I do take your point, and assure you that we all know that there is no "blame" to be found here. It was a freak incident, where everybody did their absolute best to save him, nobody did the wrong thing, and he still died. These things happen.

Morriganscrow--thank you, and I *always* accept hugs. BTW, I saw your poems when I submitted this one at the whatchamacallit contest, and they are beautiful.

SUIRAUQA said...

TDC Sir, I have earlier commented, both here and at Pharyngula, how your poems touch the core of my heart and mind. This was no exception; I was moved to tears. I was immensely touched by your earlier post on this sorrowful event and blogged about it. Please allow me to offer my heartfelt condolences - again - to you and your beautiful family.

Anna O'Connell said...

I have watched friends and family in the ICU. My mother was a nurse in such a unit. Condolences on the loss of your brother, and I would argue that you are indeed a poet; a person who transforms life (with all it's joys and pains) into art.

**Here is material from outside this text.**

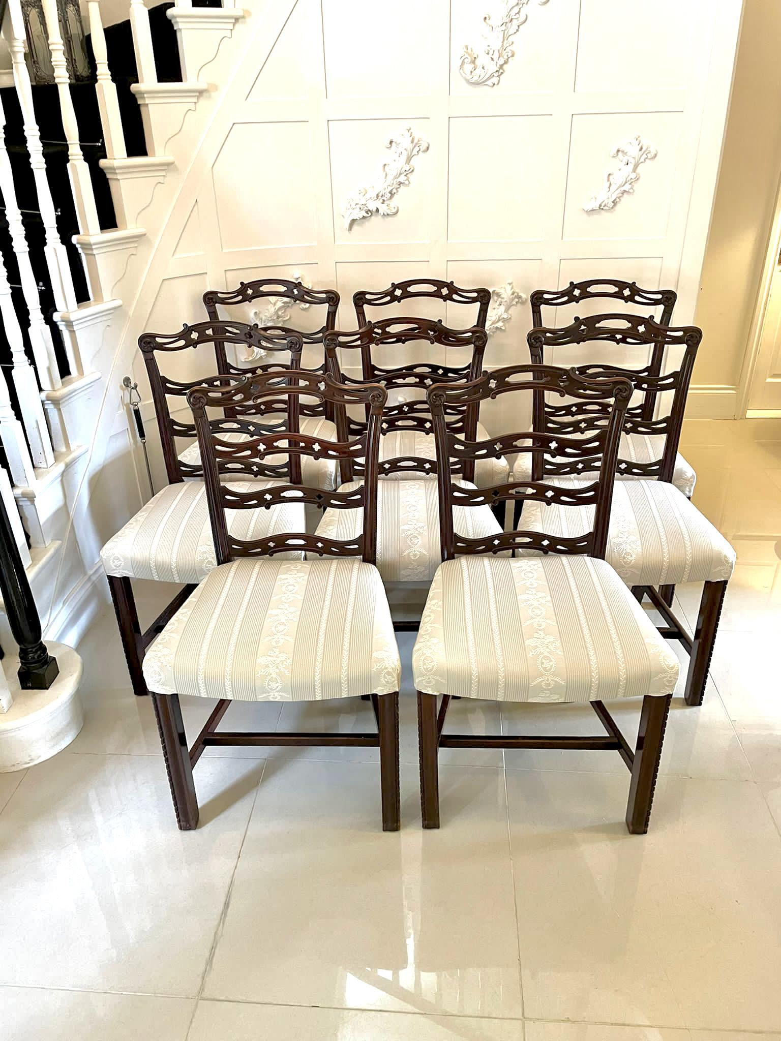 Antique set of eight quality 19th century mahogany ladder back chairs having a fantastic quality shaped carved mahogany ladder back with reeded supports, newly reupholstered seats in a quality stylish fabric. They stand on lovely square carved mahogany legs to the front and out swept back legs united by mahogany stretchers.
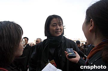 今天的倪萍穿著一身黑衣,低著頭步履匆匆前行,她還不時警惕地向左右看看,企圖躲避記者聚集的地方,眾多記者的目光已被一旁的楊瀾吸引過去,還沒注意到她。但就當(dāng)她快要走到大會堂前的臺階時,被幾個熟識的記者攔住了去路。

Thank you for sharing with us and condolences on your loss.

Pigbristles said...

"Shared pain is lessened"

I share your sorrow, Cuttlefish & Cuttlekin.

Cuttlefish said...

I see, on the Facebook page, that there are people who are trying to comment here, but who cannot. I honestly have no idea why that might be the case; last time I checked, I had commenting open to all, and I know there have even been some anonymous commenters. If anyone knows the reason, feel free to let me know and I will fix anything I am able to.

In the meanwhile, Claudia and Ron, I thank you for your kindness.

Cuttlefish said...

I did not mean to leave out, in my thanks, Pigbristles, Anna, and Suirauqa. Again, thank you for your words.

D. C. said...

"only a commenter in verse."

Pardon me while I call bullshit. I know you're not fishing, so don't make excuses: it's yours, it's you, and please give us credit for accepting you (and your expressions of yourself) as you are.

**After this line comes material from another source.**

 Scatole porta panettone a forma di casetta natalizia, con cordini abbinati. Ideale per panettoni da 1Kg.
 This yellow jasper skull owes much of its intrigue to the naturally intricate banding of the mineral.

Which, speaking for myself, is a very good thing indeed.

Condolences. I know it's never easy, and worse for the young ones.

Cuttlefish said...

Hey, D.C. (nice initials!)

I'll take your compliment as intended, but there is no shame at all in being someone who writes verse instead of poetry. I know my favorite poets, and I would never ever put myself in their league... but frankly, they can't write verse for shit, most of them. There are precious few that I would say can do both (in current writing, that is), and I have no problem admitting that I am not one of those.

But thanks, and thank you for your condolences.

Thomas Atkinson said...

Death sucks. If I were the intelligent designer of the universe, I could have come up with a better system. My condolences on your loss, Cuttlefish. And thank you for making something beautiful for all of us who've experienced that kind of loss -- or will.